--- RECORDS ---
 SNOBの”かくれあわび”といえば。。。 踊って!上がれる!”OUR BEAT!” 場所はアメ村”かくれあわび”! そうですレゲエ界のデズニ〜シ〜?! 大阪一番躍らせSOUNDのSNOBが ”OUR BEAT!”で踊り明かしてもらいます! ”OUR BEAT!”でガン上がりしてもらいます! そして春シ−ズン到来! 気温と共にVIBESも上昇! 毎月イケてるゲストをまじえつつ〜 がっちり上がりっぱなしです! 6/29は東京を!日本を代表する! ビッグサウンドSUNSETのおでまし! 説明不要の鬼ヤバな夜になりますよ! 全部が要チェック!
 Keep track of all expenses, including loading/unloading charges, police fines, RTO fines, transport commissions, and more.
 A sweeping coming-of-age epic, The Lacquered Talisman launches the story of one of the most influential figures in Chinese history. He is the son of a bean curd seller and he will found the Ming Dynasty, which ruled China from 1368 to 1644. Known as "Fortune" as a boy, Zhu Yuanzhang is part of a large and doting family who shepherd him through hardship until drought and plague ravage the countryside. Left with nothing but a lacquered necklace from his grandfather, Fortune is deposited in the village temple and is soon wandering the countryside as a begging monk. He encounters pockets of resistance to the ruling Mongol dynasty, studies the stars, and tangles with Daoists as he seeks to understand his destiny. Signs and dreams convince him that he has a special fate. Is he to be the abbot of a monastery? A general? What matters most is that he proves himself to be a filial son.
---
--- RECORDS ---
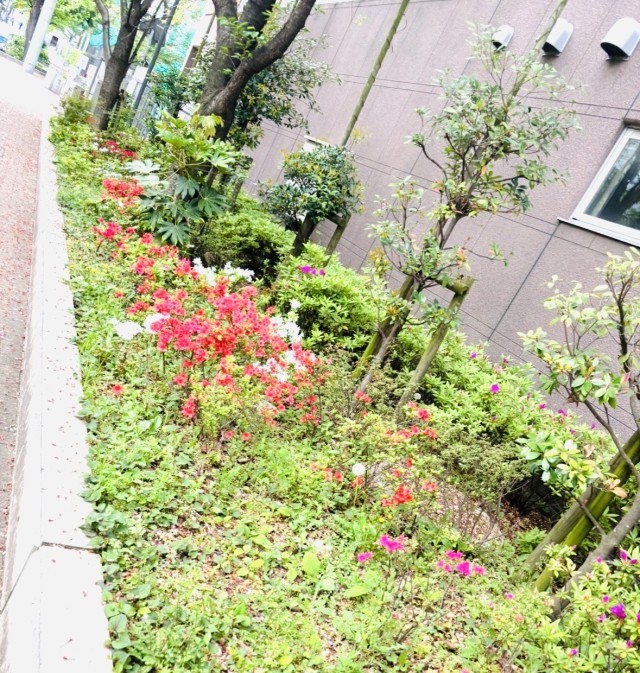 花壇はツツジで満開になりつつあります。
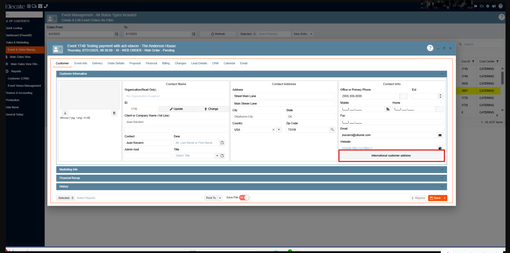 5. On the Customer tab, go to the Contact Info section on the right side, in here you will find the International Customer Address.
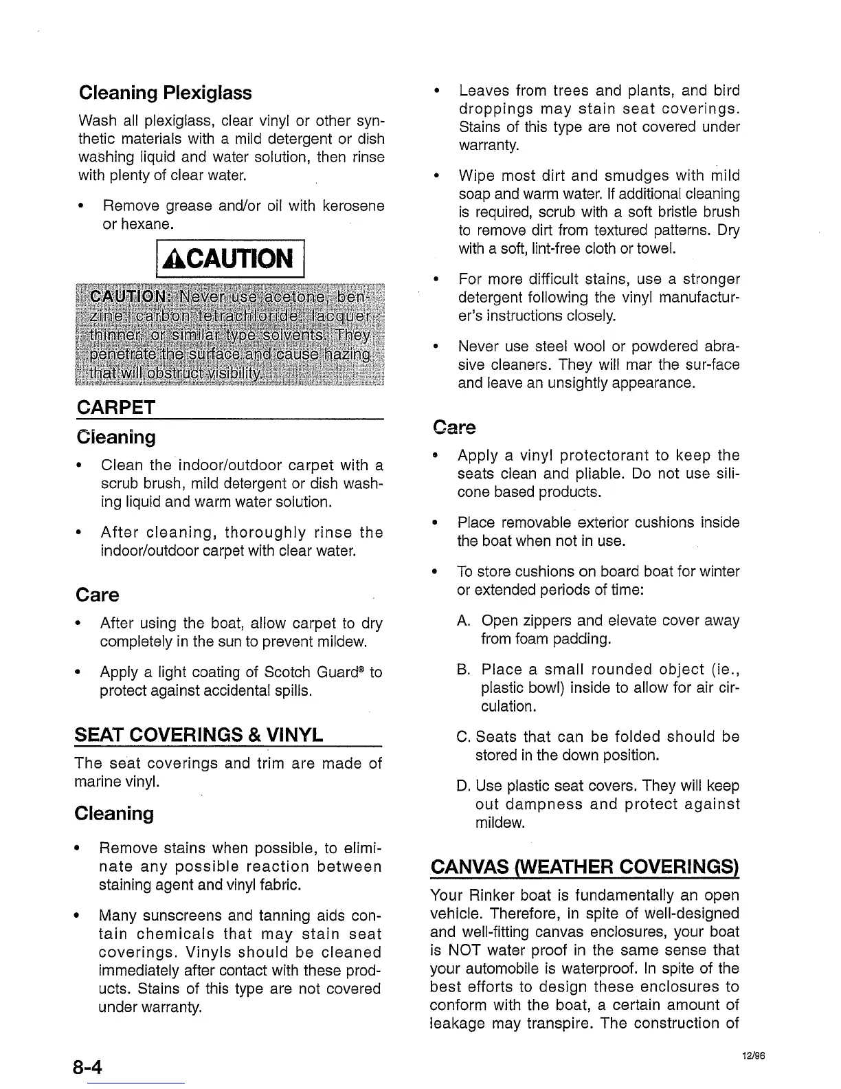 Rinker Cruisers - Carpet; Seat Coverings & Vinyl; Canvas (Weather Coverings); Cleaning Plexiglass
---
--- RECORDS ---
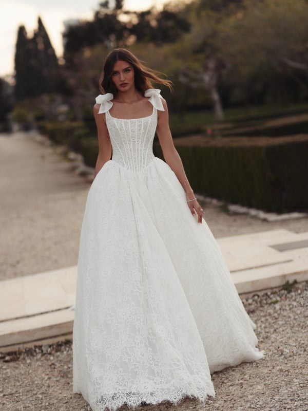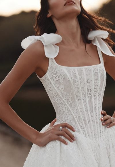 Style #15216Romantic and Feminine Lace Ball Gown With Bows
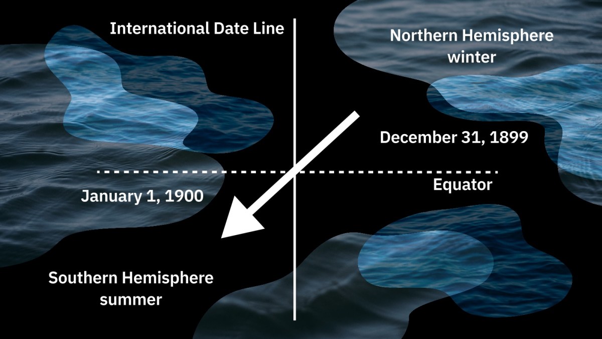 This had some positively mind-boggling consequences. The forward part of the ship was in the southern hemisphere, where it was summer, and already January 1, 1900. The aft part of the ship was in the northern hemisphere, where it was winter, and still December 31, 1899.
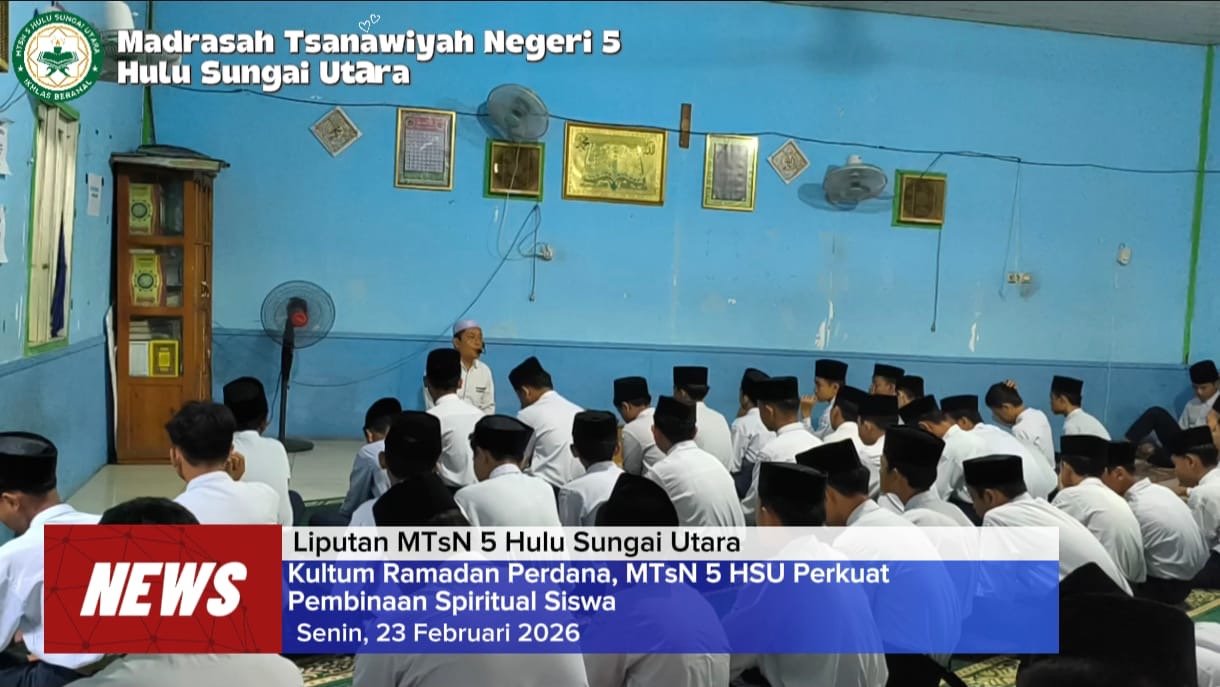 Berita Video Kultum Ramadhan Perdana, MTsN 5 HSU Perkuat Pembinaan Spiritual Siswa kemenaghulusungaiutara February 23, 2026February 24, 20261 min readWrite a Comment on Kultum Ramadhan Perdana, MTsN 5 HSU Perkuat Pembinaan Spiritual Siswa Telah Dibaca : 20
---
### DIRECTIONS FOR THIS TASK
Starting with the line that has "5. On the Customer" and going on through the line that has "Rinker Cruisers - Carpet;", transcribe the records above exactly, but skip the pictures.

### ANSWER SECTION
 5. On the Customer tab, go to the Contact Info section on the right side, in here you will find the International Customer Address.
 Rinker Cruisers - Carpet; Seat Coverings & Vinyl; Canvas (Weather Coverings); Cleaning Plexiglass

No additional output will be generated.